◆ DIRECTIONS ◆
If a line in the material below has the string "with", copy it out.

◆ INFORMATION SUPPLIED ◆

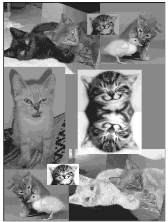
Figure 2: Example of Student Homework (Full color examples of student work can be found at: http://coweb.cc.gatech.edu/cs1315)

Many students were clearly excited about the potential for using media in ways they had not previously encountered. Two students reported on the midterm survey that they had written programs to reverse popular songs, in order to find out if there were hidden messages. One student reported using Python to create an online scrapbook. Students often turned in homework assignments that included far more complex code than was required. For one homework assignment, students were directed to create a collage in which the same image appeared at least three times with some different visual manipulation each time. As can be seen in the example in Figure 2 (which was showcased by voluntary public posting on the collaborative website), many students accomplished considerably more than the minimum requirements. Some programs reached over 100 lines in length.
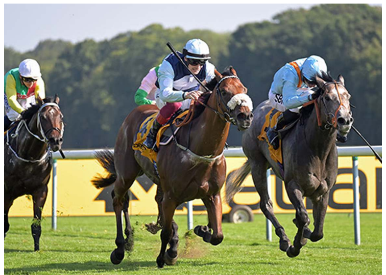
Regional: was sold for just 3,500gns at the July Sale
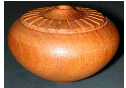
Pete Holtus – Hollow form with carved detail of mahogany.

◆ SOLUTION FOR THIS PROBLEM ◆
Many students were clearly excited about the potential for using media in ways they had not previously encountered. Two students reported on the midterm survey that they had written programs to reverse popular songs, in order to find out if there were hidden messages. One student reported using Python to create an online scrapbook. Students often turned in homework assignments that included far more complex code than was required. For one homework assignment, students were directed to create a collage in which the same image appeared at least three times with some different visual manipulation each time. As can be seen in the example in Figure 2 (which was showcased by voluntary public posting on the collaborative website), many students accomplished considerably more than the minimum requirements. Some programs reached over 100 lines in length.
Pete Holtus – Hollow form with carved detail of mahogany.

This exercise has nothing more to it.